In den 1870er Jahren wurde nach der Öffnung des Suezkanals (1869) eine exportorientierte Baumwollindustrie aufgebaut, um den Bedarf der britischen Industrie zu sichern. Für eine kontinuierliche und stetige Lieferung waren Plantagen, Spinnereien und Färbereien, sowie die nötige Verkehrsinfrastruktur in großem Umfang nötig. Die Roherzeugnisse gingen in die britische Baumwollindustrie. Erzeugnisse der britischen Baumwollindustrie wurden wiederum nach Indien exportiert. Seit der Mitte der 1870er Jahre zeigte der britische Export nach Indien nur geringe Zuwächse, der Import indischer Güter pendelte sich zunächst bei knapp unter 25 Millionen Pfund ein. Über die 1880er Jahre hinweg konnte der Handel einen Stand von über 60 Millionen Pfund halten und lag damit deutlich über dem Niveau der 1870er Jahre. Ein leichter, aber stetiger Aufwärtstrend fand seinen Höhepunkt im Jahr 1890. Seit den 1890er Jahren ging der indische Export vorübergehend zurück. Dies lag im Trend der Weltwirtschaft, doch wirkten sich auch Anfänge der Übervölkerung in Indien sowie der Konkurrenz am asiatischen Markt mit China und Japan nachteilig aus.

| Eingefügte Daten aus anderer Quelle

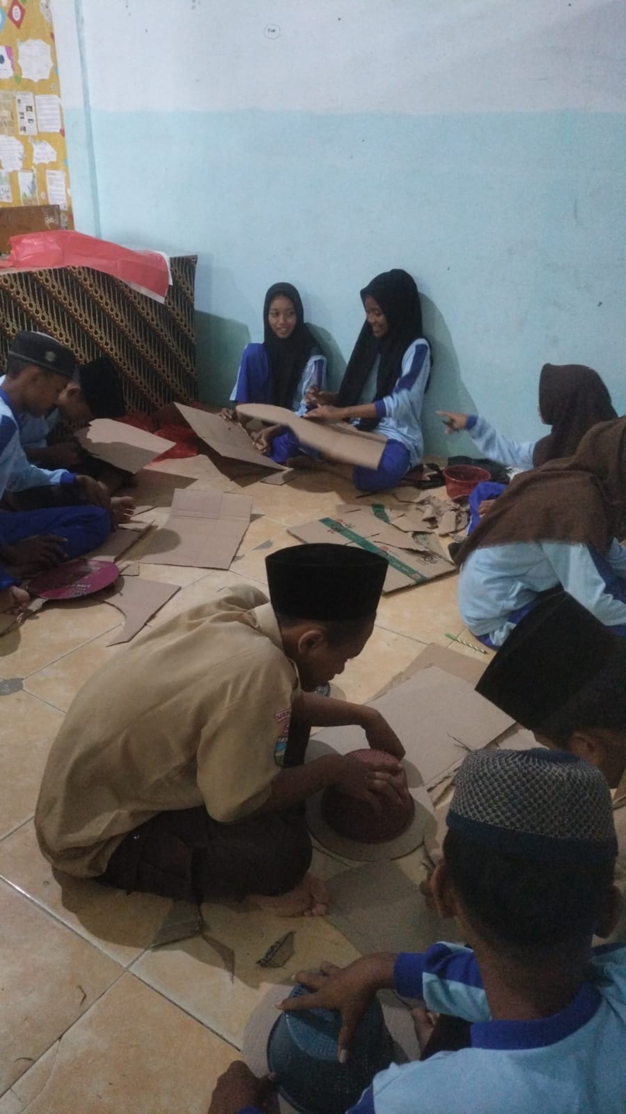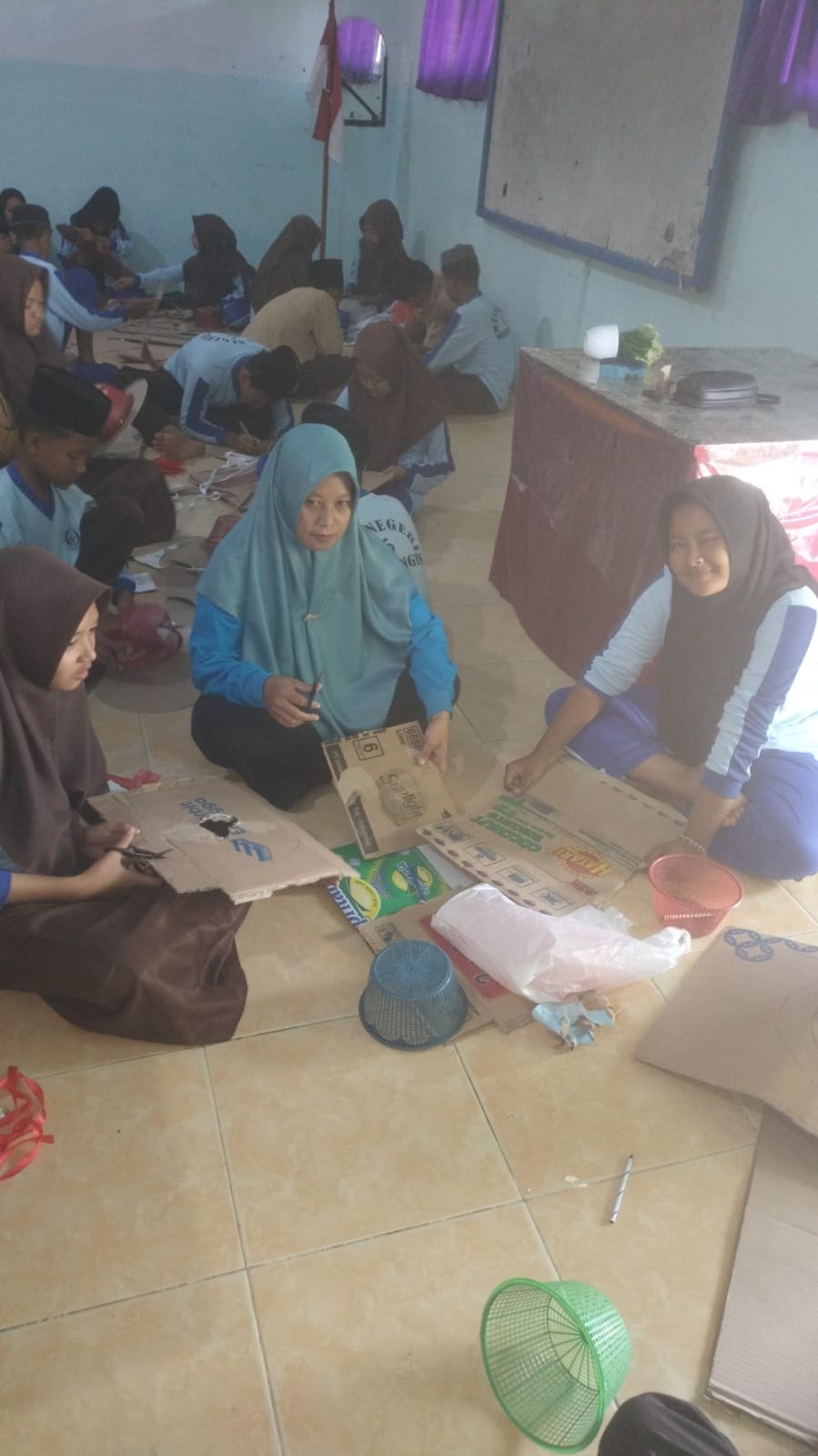 Acara tersebut dihadiri oleh seluruh siswa kelas VII,VIII dan guru. Dalam kegiatan ini, siswa diberikan materi mengenai pentingnya daur ulang dan pemanfaatan kembali bahan bekas. Setelah itu, mereka langsung terlibat dalam praktik pembuatan topi dengan bahan-bahan seperti kardus Bekas, pembungkus buah, dan berbagai aksesoris yang tidak terpakai.

Ab 1904 stieg das britisch-indische Handelsvolumen mit 78 Millionen Pfund bei einer fast ausgeglichenen Handelsbilanz auf eine bis dahin nicht erreichte Höhe, ein Anstieg, der ebenfalls im Trend der Weltwirtschaft lag und sich, durch kurzzeitige Rückgänge (1908/09) unterbrochen, mit starken Wachstumsraten bis zum Ersten Weltkrieg fortsetzte.
 

Da Indien über keine einheimische Schwerindustrie verfügte und weder die Briten noch die indischen Eliten an einer Industrialisierung der Kronkolonie interessiert waren, mussten für den Ausbau der Verkehrsinfrastruktur alle für den Bau und Betrieb der Eisenbahn nötigen Erzeugnisse vom Mutterland in die Kolonie exportiert werden. Zugleich wurde Indien an das britische Seekabelnetz angeschlossen, was die Laufzeit einer Nachricht zwischen London und Bombay bis zur Veröffentlichung erheblich verkürzte.
 

Literaturhinweise:

  • Pohl, Hans: Aufbruch der Weltwirtschaft, Stuttgart 1989.
  • Rostow, Walter Whitman: The World Economy. History and Prospect, London 1978.